On 6 April 2021, IR35 changed massively in the private sector. If you are a large engager in this sector (in very general terms, if you have turnover greater than £10.2 million), it is now your responsibility to determine whether your engagement with a personal service company or partnership client is caught under the realms of IR35.

My understanding is that there are approximately 60,000 end clients that are affected by these new rules!

But what have I discovered from speaking to delegates, clients, and accountants in industry regarding these new changes, four months in?

Many large end clients still seem unprepared for the new IR35 private sector rules, despite the 6 April 2021 starting point having passed. Additionally, some large engagers have decided not to use PSCs at all. They prefer to engage personally, on a fixed term employment contract. Some have engaged the workers as agency staff.

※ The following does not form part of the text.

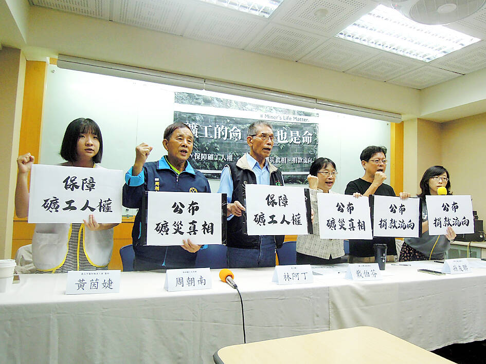 Coal miners’ retiree groups, representatives from the Houtong Miner’s Culture and History Museum in Rueifang, and the Taipei Doctors’ Union, who requested improved health insurance and better compensation for retirees, also participated in yesterday’s news conference.
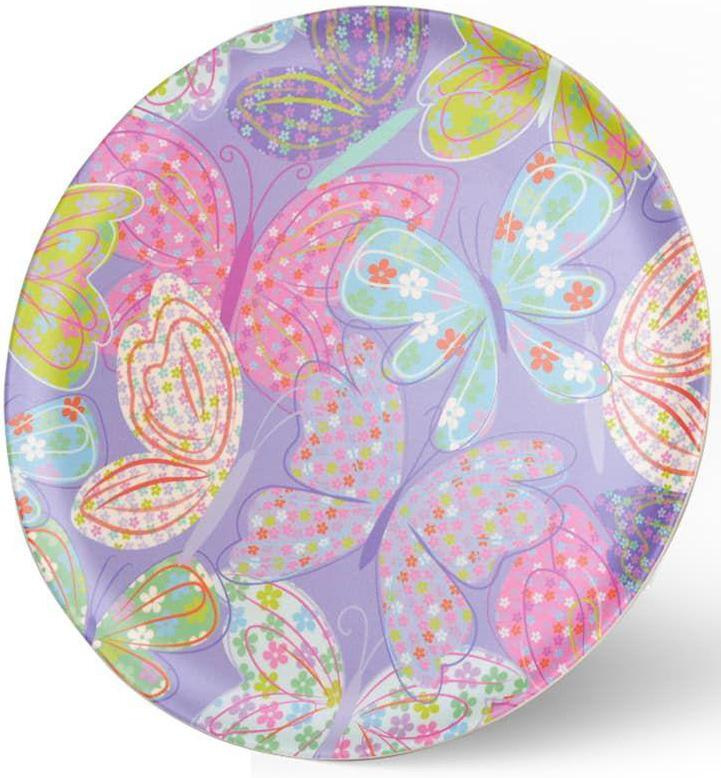 Тарелка плоская из бамбукового волокна - чрезвычайно удобная и легкая. Диаметр 28см, глубина 1.2см. Тарелка украшена рисунком из бабочек и цветов на лиловом фоне. Бамбуковое волокно - это природный материал, экологически абсолютно безвреден, легок и прочен, его невозможно разбить. В изготовлении используются только натуральные безопасные краски. Вам обязательно понравится такая стильная тарелочка!

In general, there has been a mixed reaction. We have though seen some larger engagers engage directly, apply IR35, and deduct the PAYE and NIC, as obviously they should do! However, they have been trying to recoup the 13.8% Employers’ NIC and very few PSCs have been able to negotiate increased rates of pay, in order to mitigate the extra tax and NIC deducted.

Additionally, in our experience in the last few months, some large end clients have not issued the status determination statements that they should have done! The large end client must issue a status determination statement where relevant.

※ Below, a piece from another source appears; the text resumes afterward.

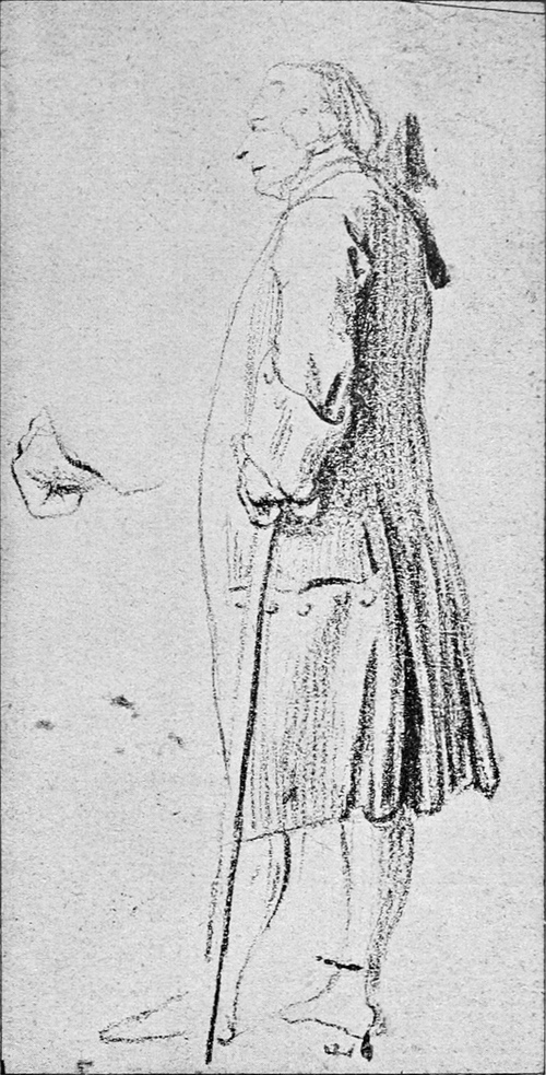 Abb. 153. Studie zum Schließer des Calas. Bleistiftzeichnung im Besitz der Frau Geheimrat Rosenberger. Kösen.
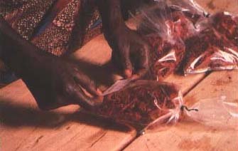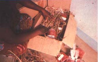 94. Les sachets de tomates séchées sont gardés dans des cartons avec de la paille, pour les protéger de l'humidité.

Some large engagers are taking out insurance policies which will cover both the defence costs of dealing with an HMRC IR35 investigation, and also cover the potential tax and NIC loss if HMRC are successful in overturning the position.

Alternatively, some large engagers are trying to pass on any potential IR35 tax and NIC liability as a “contractual liability” through warranty clauses inserted into the contract.

Since 6 April 2021, we have seen end clients propose that the status of the contractor they are using must be regularly reviewed by a third party IR35 specialist. The end client expects the cost of the review on each occasion to be met by the personal service company. The costs are quite high and apparently the end clients have told the intermediary that unless they meet these review costs, they will not be allowed to continue to be kept on their supplier list.

We are operating in very interesting times and all the while, in the background, HMRC continue to take high-profile IR35 cases to court.